Gold's value fluctuates from day to day because it is traded on public exchanges, and its price is determined by supply and demand. Gold attracts people even though they do not eat or drink it. It's been used as a form of currency because it doesn't corrode, and the material allows for some light absorption, giving it a yellow glow.
People buy and sell gold for various reasons, including pure speculation, acquiring or distributing physical gold, and as a hedge for commercial purposes. Day trading gold aims to profit from its daily price fluctuations.
Important Points to Remember
- Speculating on short-term price movements is what day-trading gold is all about, and it's all done electronically.
- Futures contracts allow you to trade gold without actually owning it.
- To day trade gold funds or ETFs in the United States, you must have at least a $25,000 account balance.
Markets for Futures
Speculating on gold's short-term price movements is known as day trading. Physical gold isn't handled, and ownership isn't claimed. Instead, transactions are conducted electronically, with only profits and losses reflected in the trading account.
Gold can be traded in a variety of ways. The most common method is to use a futures contract, which is an agreement to buy or sell something in the future, such as gold. Purchasing a gold futures contract does not imply that you must take physical possession of the metal.
Each day, traders close out all contracts (trades) and profit from the difference in price between where they bought the contract and where they sold it. COMEX is the exchange where gold futures are traded. A standard gold future (GC) represents 100 troy ounces of gold, while a micro gold future (MGC) represents ten troy ounces of gold.
Gold is only traded in $0.10 increments on the futures exchange. The smallest movement a futures contract can make is referred to as a "tick." The number of ticks the price moves away from your entry price when you buy or sell a futures contract determines your profit or loss. To figure out how much money you made or lost, you'll need to know the tick value of the contract you're trading. Although your trading platform will show you, it's a good idea to understand how things work.
The tick value of a standard contract is $10. This is because the contract represents 100 ounces of gold, which equals $10 when multiplied by the $0.10 tick size. That means a one-trick movement will result in a profit or loss of $10 for each contract. You win or lose $100 if it moves ten ticks. Your profit or loss is $300 if it moves ten ticks and you hold three contracts.
The tick value for a micro contract is $1. This is because the contract is worth 10 ounces of gold multiplied by $0. The cost of a tenth of a tick is $1. That means a one-trick movement will result in a gain or loss of $1 for each contract.
If it moves ten ticks, you gain or lose $10. Your profit or loss is $30 if it moves ten ticks and you have three contracts.
Futures on Gold
Your futures broker will determine how much money you need in your account to day trade a gold futures contract. You'll need $1,000 in your NinjaTrader account to open a position for one E-Mini Gold Futures contract.
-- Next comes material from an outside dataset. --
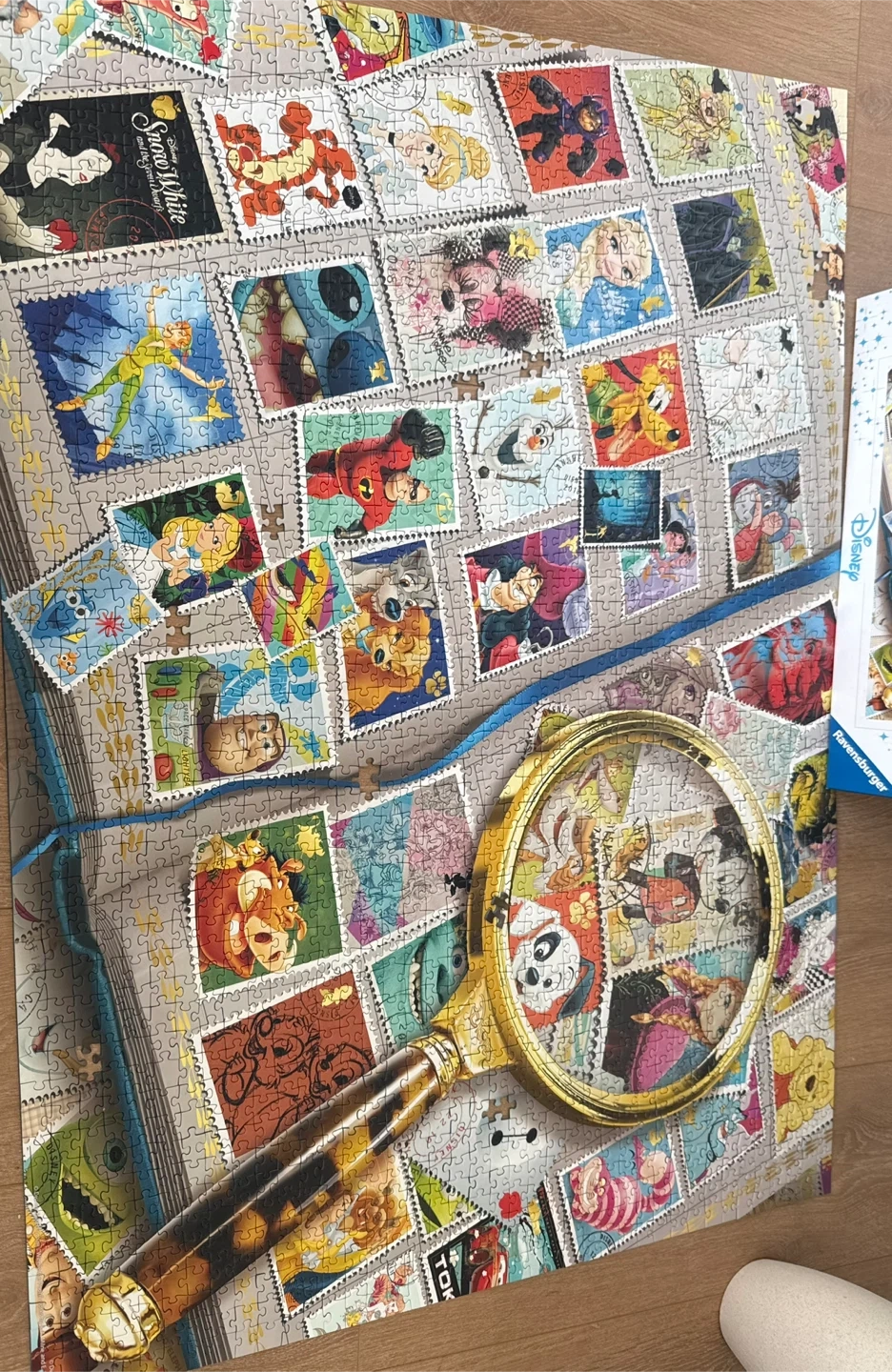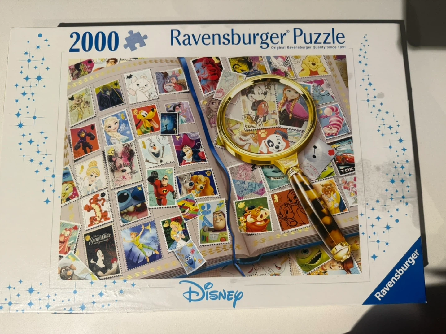 Ravensburger 2000 piece puzzle featuring Disney characters depicted as postage stamps. Includes the original box. It's a fun challenge for Disney fans!

You'll also need enough money in the account to cover any possible losses.
You'll need $2,000 in your account for a day trade of a standard Gold Futures (GC) contract, plus additional funds to cover potential losses. Intra-day margin is the amount required by your broker to open a day trading position.
It varies depending on the broker and can change at any time.
These figures are based on day trading and closing out positions each day before the market closes. If you hold positions overnight, you must meet Initial and Maintenance Margin requirements, which means you'll need more money in your account.
Trading Gold, ETFs, and Stocks on a Day-to-Day Basis
Another option for day trading gold is to use a stock exchange-traded fund, such as the SPDR Gold Trust (GLD). You can trade gold price movements if you have a stock trading account. Because the trust keeps gold in reserve, its value fluctuates with the price of gold. The SPDR Gold Trust trades at about a tenth of the price of gold. In other words, if gold futures are trading at $1,500, the Gold Trust will be trading at around $150.
The trust is traded in the same way as any other stock. Because the minimum price movement is $0.01, each time the price changes by a penny, you gain or lose $0.01 for each share you own. Stocks and ETFs are usually traded in 100-share blocks (known as "round lots"), which means that if the price moves a penny and you own 100 shares, you gain or lose $1.
If the price rises by one dollar, from $120 to $121, your 100-share position gains or loses $100. On the same price move, you gain or lose $500 if you own 500 shares. The amount of money you'll need in your account to trade a gold ETF is determined by the ETF's price, leverage, and position size.
In order to day trade stocks or ETFs in the United States, you must have a minimum balance of $25,000 in your account. Depending on how much money you want to make and leverage, you may want to have more than $25,000 on hand.
Questions and Answers (FAQs)
What exactly is "spot gold" in the trading world?
The term "spot" refers to the current market price of a security. The "spot gold price" is the price at which an ounce of gold could theoretically be purchased at any given time, according to traders. This distinguishes it from the prices of gold-tracking products such as futures, ETFs, and options.
What is the current price of gold?
Because gold prices fluctuate throughout the day, a price published today is unlikely to be accurate tomorrow. A trading brokerage will provide you with access to the gold price as well as charting software for studying price fluctuations. There is also charting software available from third parties.